Humana, alongside a consortium of private equity firms, acquires the home health and hospice division of Kindred Healthcare for approximately four point one billion dollars, marking the beginning of its deep vertical integration into the physical delivery of senior care.
Humana reports record total revenues of over one hundred and eleven billion dollars, solidifying its position as the undisputed pure-play leader in the Medicare Advantage sector despite intense medical cost headwinds and regulatory scrutiny.
Humana, alongside a consortium of private equity firms, acquired the home health and hospice division of Kindred Healthcare to execute a radical, transformative vertical integration strategy. The acquisition was designed to internalize the home health benefit, allowing Humana to deploy nurses directly into the living rooms of its most vulnerable, high-risk Medicare Advantage members to manage chronic conditions, prevent costly hospital readmissions, and directly influence the medical loss ratio.
Humana acquired Arcadian Managed Care, a significant Medicare Advantage insurer with a strong footprint in the Southeast and Midwest, to rapidly expand its scale, geographic density, and market share in the core government-sponsored senior care market. The acquisition was a strategic move to consolidate the fragmented MA market and achieve the critical mass necessary to compete effectively with the larger, diversified conglomerates.
In the early days of its transition from a hospital operator to a pure-play insurer, Humana partnered with Aetna to create MetraHealth, a massive, national preferred provider organization (PPO) network. The joint venture was designed to rapidly build a broad, national provider network that would allow the newly spun-off insurance company to compete effectively in the commercial employer-group market against the entrenched Blue Cross Blue Shield plans.
Humana acquired Golden Rule Financial, a regional health insurer with a strong presence in the Midwest and a specialized focus on Medicare supplement and individual market products.
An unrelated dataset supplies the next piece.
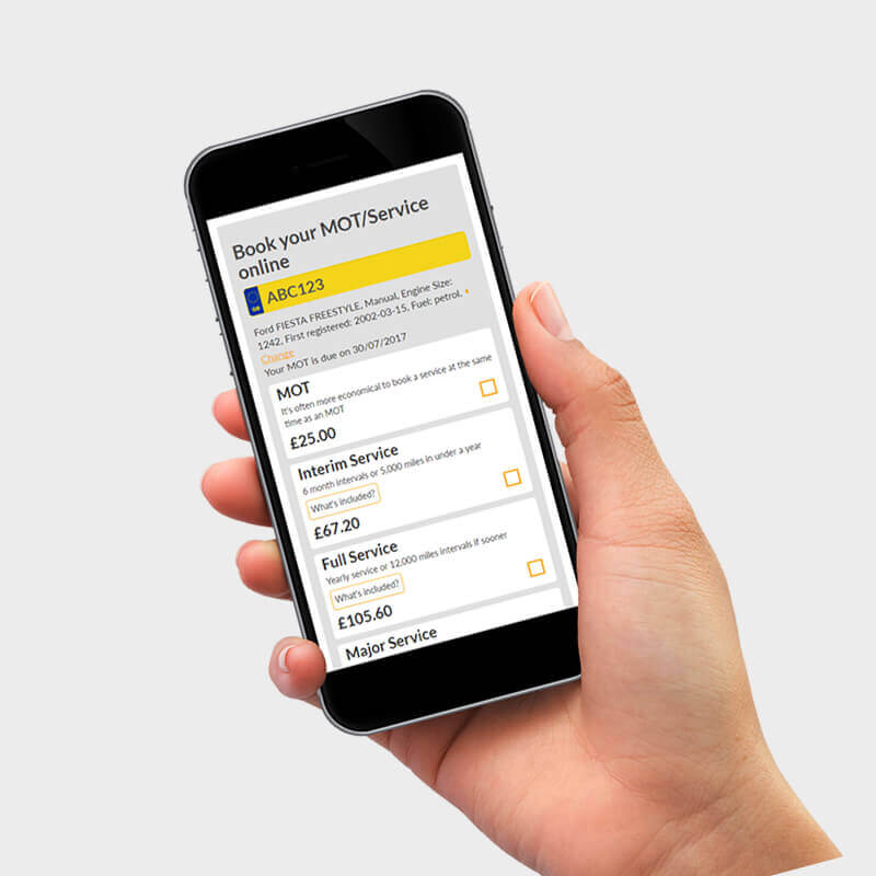 Enter your car registration for an instant price that you can book 24/7. Find out your MOT due date too!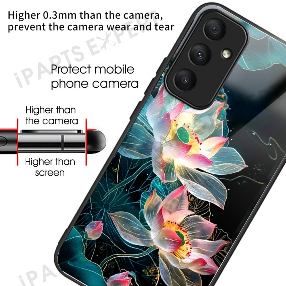 For Samsung Galaxy A56 5G Case Tempered Glass TPU Drop-Proof Pattern Printing Phone Cover - Crystal Lotus

The acquisition was intended to bolster Humana's footprint in the senior care space and expand its distribution capabilities in key geographic markets outside of its traditional Sunbelt strongholds.
Humana was founded in 1961 in Louisville, Kentucky by David A. Jones Sr. and Wendell Cherry, who built and ran nursing homes for the aging population. The company went public in 1968 and operated under the Extendicare name, growing into one of the largest nursing home operators in the United States.
Seeing better economics in acute care, the founders moved into hospitals with the 1972 acquisition of American Medicorp and adopted the Humana name in 1974. By the 1980s Humana had grown into one of the largest for-profit hospital operators in the country.
Management concluded that owning hospitals, which profit from higher utilization, conflicted with running an insurer that profits from lower utilization. In 1993 Humana spun off its hospital operations as Galen Health Care, which merged into Columbia/HCA, leaving Humana focused purely on health benefits.
After the 1993 hospital spin-off, Humana concentrated on government-sponsored senior plans and steadily exited commercial lines. By 2024 it had grown into the second-largest Medicare Advantage insurer in the US, serving more than 6 million individual MA members.